Thanks for the invite, Harry. (laughs)
Not at all. But I would love to start with some chronology.
Mm-hmm.
So how did you first make your way into the world of growth and product, and what was that real entry point for you?
Actually, going all the way back, I, uh, I did maths at university, which I advise everybody to do out there. (laughs) Uh, but it was quite formative. I love maths, mainly as, uh ... And like, uh, training for university-level maths was about looking at problems and trying to find a completely different way to look at the problem that no one else had looked at before that enables you to solve it in a way no one had done it before.
Sorry, I, I just have to ask that. Y- you said about kind of doing things differently and in ways that other people hadn't done before, and why, why you like maths in that way. I always wonder, are playbooks good or bad?
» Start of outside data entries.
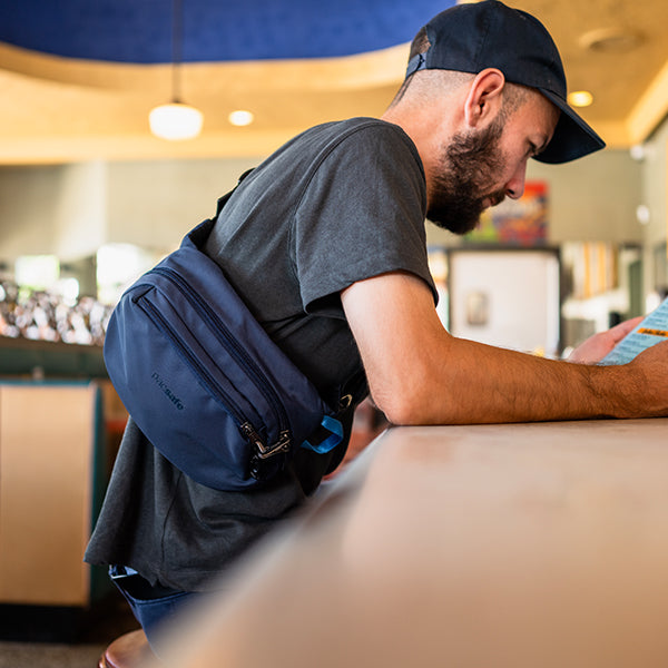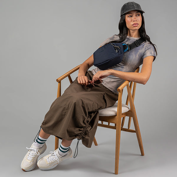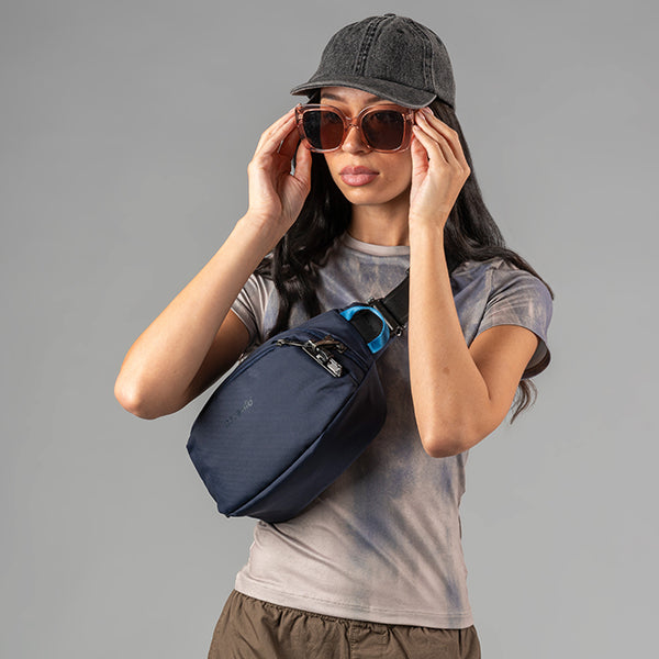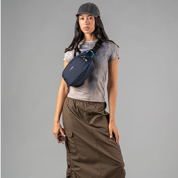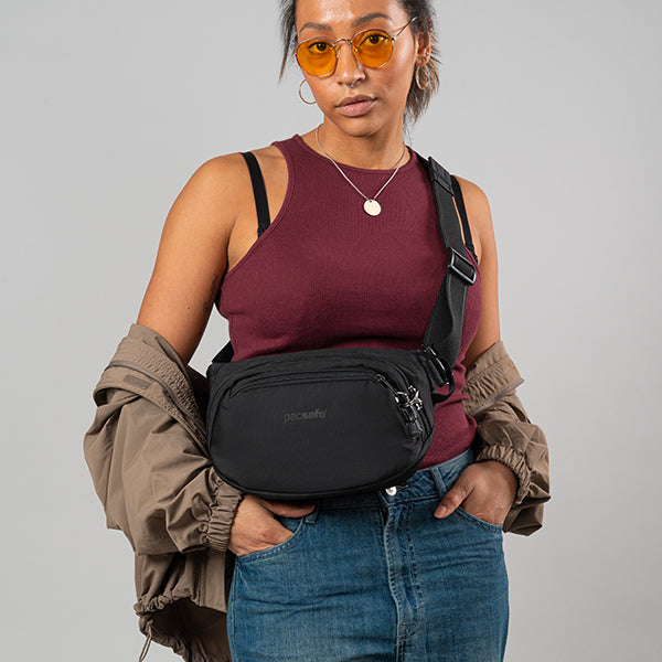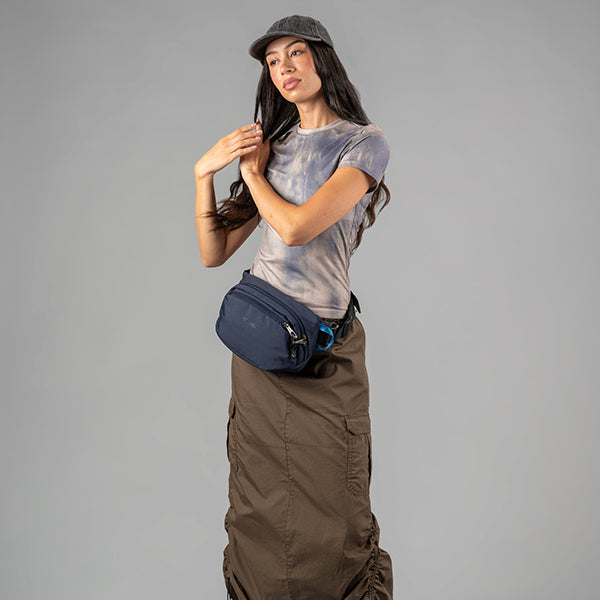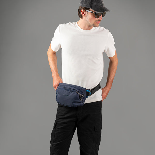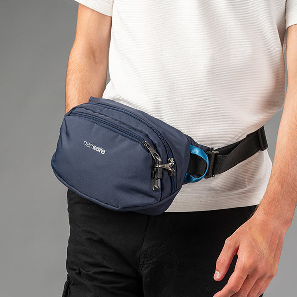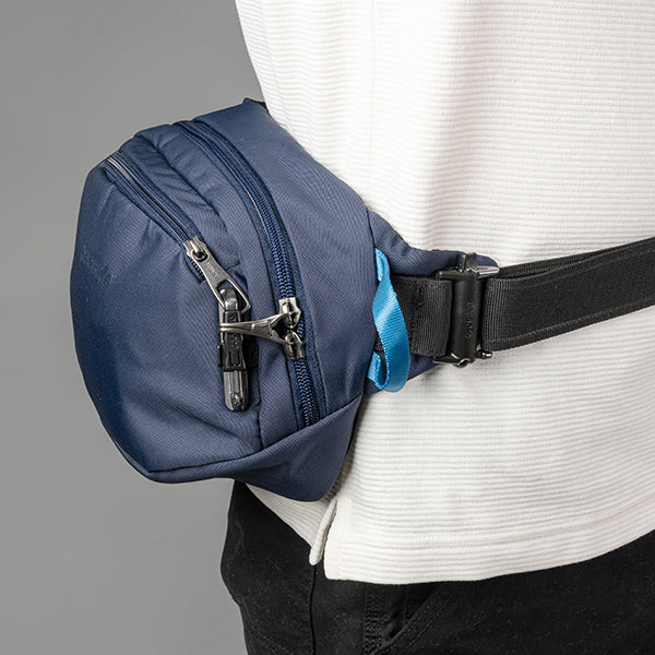 pacsafe パックセーフ V ヒップパック はパスポート、鍵、財布さらには7インチのタブレットなどポケットに入れているものをすべて最適に収納でき、ペットボトルも入るサイズのヒップバッグです。
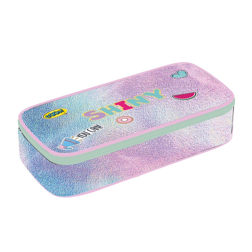Školní pouzdro etue s lesklým motivem. Pouzdro je opatřeno pevnými zipy, kapsičkou na zip a klopou s pevnými poutky po obou stranách. Pod klopou je místo pro volné uložení psacích potřeb nebo jiných drobností. Vhodné pro školáky na 2. stupni a starší studenty.
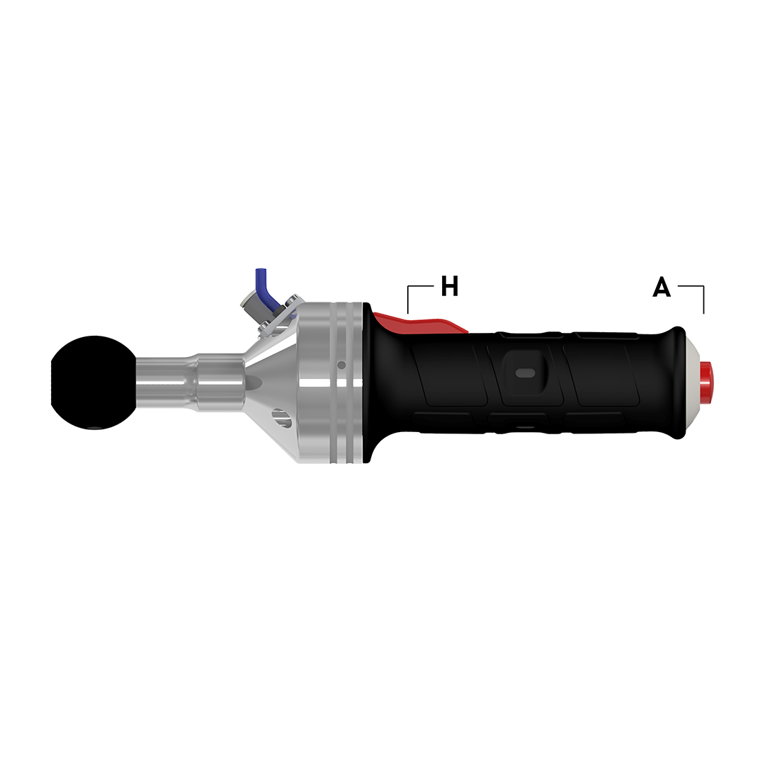 Basisaustattung: Steckfix für Zuluftschlauch Innen-Ø 6mm und Tülle für Abluftschlauch Innen-Ø 2,5mm. Durch die Kugelanbindung kann der p-handle stufenlos um ± 20° im Raum befestigt werden. Variantenaustattung: Dieser p-handle (PH) ist mit einem Hebeltaster (H) und einem Axialtaster (A) ausgestattet.

In product and in growth where this reaches its fortés, when there is a, like a reproducible model, uh, when the playbook becomes something that feels like a reproducible model, and that f- is in two forms. Uh, usually there's a kind of a market expansion playbook, so we know we ... "This works. I'm gonna keep doing this-"
Mm-hmm.
"... again and again and again." And in my experience, it's usually disappointingly not much. Like, there's, there's very few, like, truly globally scalable products that you build once and they just kind of go everywhere. Uh, every, every country has their nuance usually then. That could be regulatory, could be financial systems, it could be cultural, and these are the things that get stuck in the way of the playbook, uh, (laughs)
Terribly annoying.
of expense.
Much nicer if it was just repeatable.
(laughs)
I actually find playbooks can be more applicable on channels.
Ah.
Like there's a playbook to creating good Twitter content. There's a playbook to creating short-form video hooks.
(laughs)
Do you see what I mean?
Yeah, and that type of, like, growth-hacking marketing side, absolutely. I'm sure you've, you see this, and you're f- quite successful with The Podcast Playbook. But the bit that the edge is, is usually in the creativity.
Yeah.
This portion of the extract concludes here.